Neurosciences (Riyadh). 2012 Jan;17(1):74-7.
The ring chromosome 20 syndrome is a rare syndrome characterized by intractable epilepsy with particular electro clinical features including episodes of prolonged confusional state and nocturnal frontal lobe seizures. We report a 17-year-old girl who had intractable epilepsy with frontal seizure and prolonged confusional state secondary to non-convulsive status epilepticus. The diagnosis of ring chromosome 20 was suspected and confirmed by karyotype. The cytogenetic study of CHRNA4 and KCNQ2 genes did not detect deletion in the ring chromosome 20. During video-EEG recording, this girl presented a non-convulsive status epilepticus that lasted more than 20 minutes followed by typical frontal lobe seizure. This association was not previously described, and was probably caused by chromosomal instability.

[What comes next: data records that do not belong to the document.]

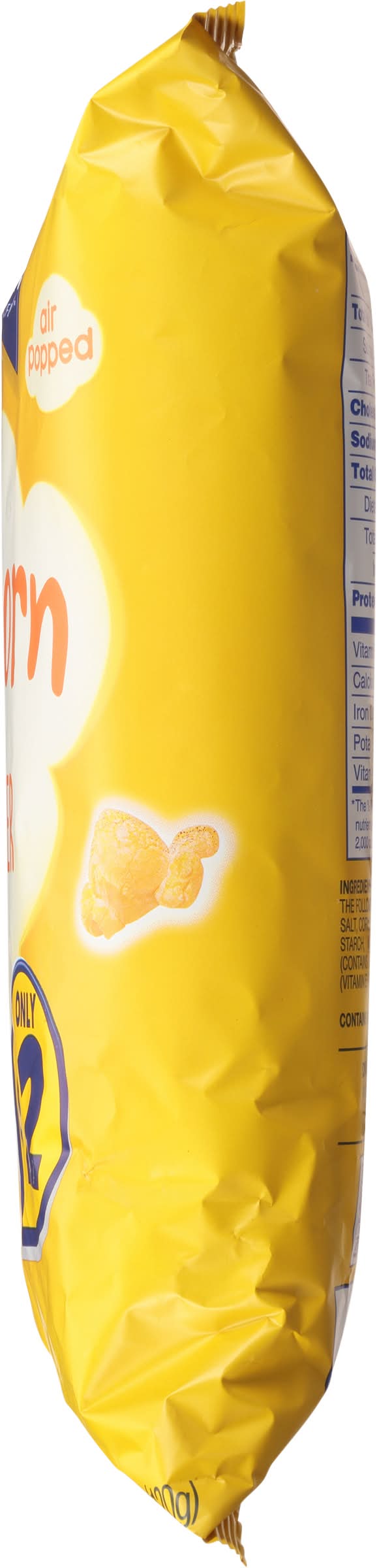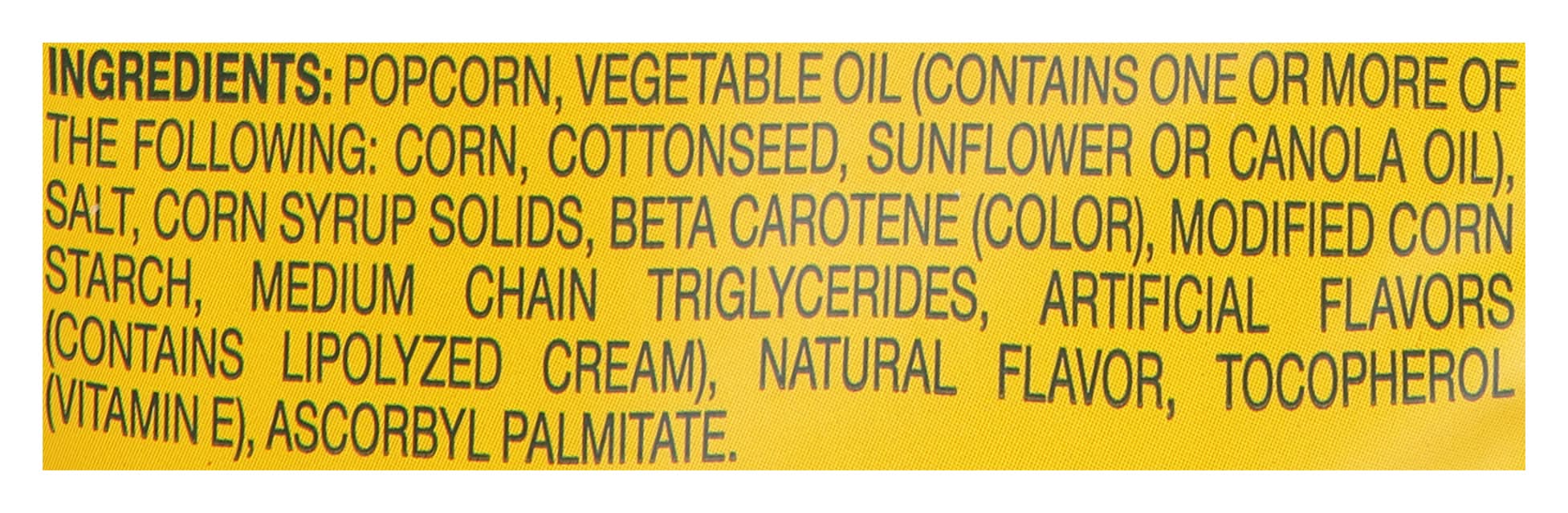Ingredients: Popcorn, Vegetable Oil (Contains One or More of the Following: Corn, Cottonseed, Sunflower or Canola Oil), Salt, Corn Syrup Solids, Beta Carotene (Color), Modified Corn Starch, Medium Chain Triglycerides, Artificial Flavors (Contains Lipolyzed Cream), Natural Flavor, Tocopherol (Vitamin E), Ascorbyl Palmitate Contains: Milk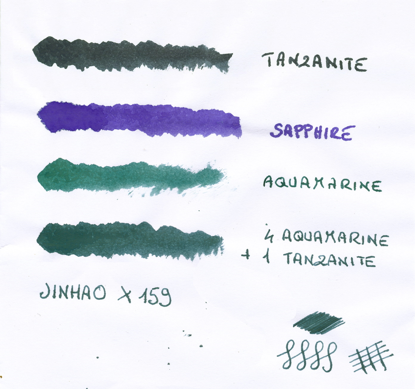 Nello swab fatto a pennello si vede bene che l'inchiostro è scurito, la tonalità è rimasta quasi la stessa, ad occhio si vede una leggera maggiore dominante blu. Nella prova di scrittura la differenza con l'Aquamarine puro è tuttavia quasi indistinguibile (nell'Aquamarine c'è una leggera tonalità verde più accentuata, ma molto lieve).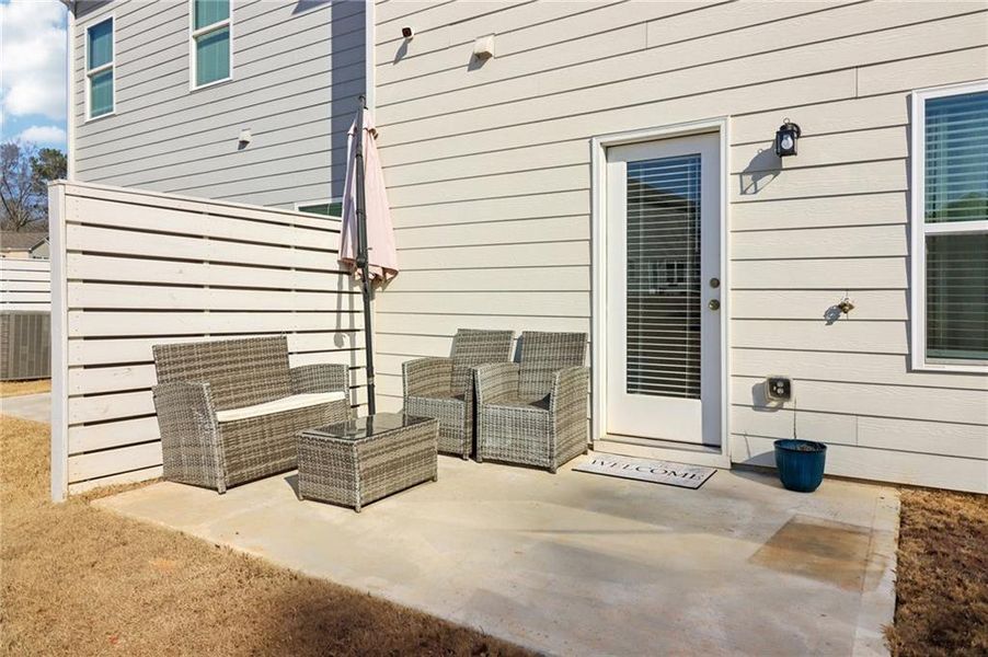 Lovely, like-new townhome offering spacious, open-concept living filled with natural light! The main level features a bright living room with a modern electric fireplace that adds warmth and ambiance. The open kitchen is beautifully appointed with wood-look tile floors, a large island with breakfast bar seating, stone countertops, tile backsplash, stainless steel appliances, and a pantry for added storage. A convenient half bath completes the main floor. Upstairs, retreat to the spacious primary suite with an en-suite bath showcasing dual sinks, a vanity area with seating, a separate soaking tub, and a glass-enclosed shower. Two generously sized secondary bedrooms and a full hall bath provide flexibility for family, guests, or a home office. The upstairs laundry room adds everyday convenience. Enjoy relaxing or grilling outdoors on the private back patio — perfect for low-maintenance living. Located in desirable Preston Towns in Powder Springs, this home offers the ideal blend of suburban charm and metro convenience. Just minutes from Downtown Powder Springs, residents enjoy local shops, dining, parks, and community events, along with easy access to the Silver Comet Trail for outdoor recreation. Convenient to US-278/CH James Parkway, the location provides seamless connectivity to Marietta, Smyrna, and Downtown Atlanta.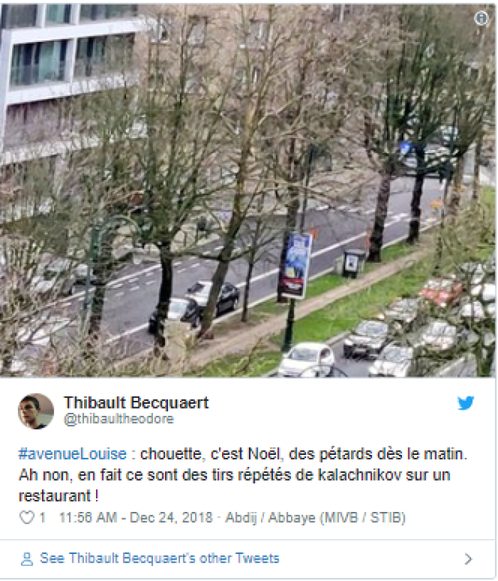 „Сведок видел маж како пука од оружје налик на „калашников“ во правец на прозорецот од ресторан во авенијата Луиз“, рече таа.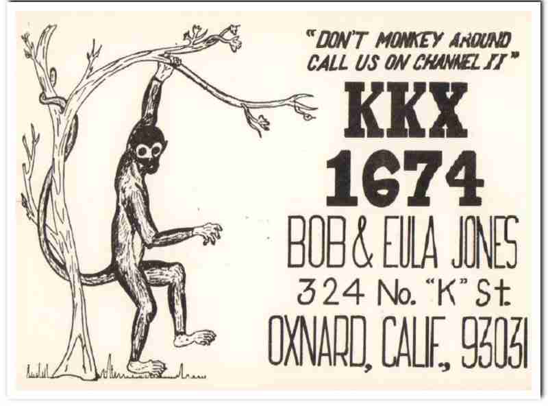Original QSL postcard from the mid to late 1960s.This unused card was sent from CB radio station: KKX-1674. Was issued to Eula and Bob Jones, at 324 North K Street, Oxnard, California. Card has an image of a monkey in a tree. Dont Monkey Around. During the 1920s and 1930s, amateur ham radio operators adopted the practice of two-way exchanging of QSL postcards, to confirm their radio contact, with a report of reception. QSL cards got to be known as wallpaper, commonly used to decorate the walls of their radio equipment room. During the 1960s, CB citizen band radio became popular, and the practice of exchanging QSL cards to confirm radio contacts was enjoyed by many with this new hobby. Today, these cards are very collectible and look great matted and framed.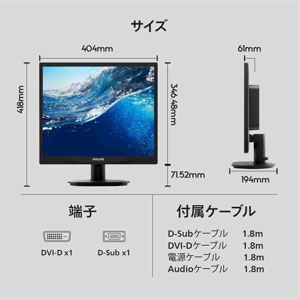 | 付属品(モニタ / 電源ケーブル) | Dsub cable 1.8M DVI-D cable 1.8M Power cable 1.8M Audio cable 1.8M |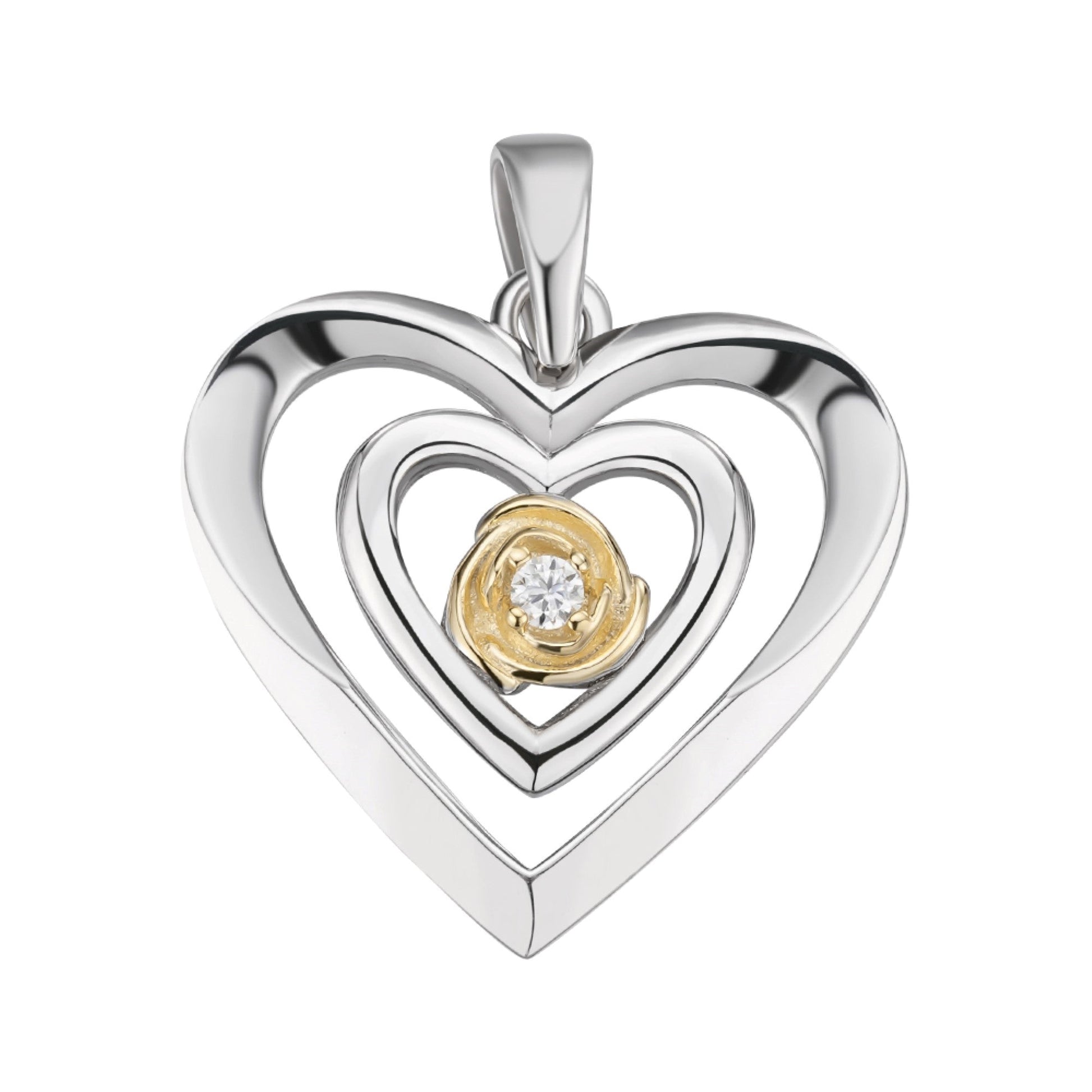 Sterling Silver Round Moissanite Solitaire Heart Designer Pendant RP+GP 1/10 Cttw

环形染色体20综合征是一种罕见的综合征,其特征为顽固性癫痫,具有特定的电临床特征,包括长时间意识模糊状态发作和夜间额叶癫痫发作。我们报告一名17岁女孩,她患有顽固性癫痫,继发于非惊厥性癫痫持续状态,表现为额叶癫痫发作和长时间意识模糊状态。环形染色体20的诊断通过核型分析被怀疑并得到证实。对CHRNA4和KCNQ2基因的细胞遗传学研究未检测到环形染色体20的缺失。在视频脑电图记录期间,该女孩出现了持续超过20分钟的非惊厥性癫痫持续状态,随后是典型的额叶癫痫发作。这种关联以前未被描述过,可能是由染色体不稳定性引起的。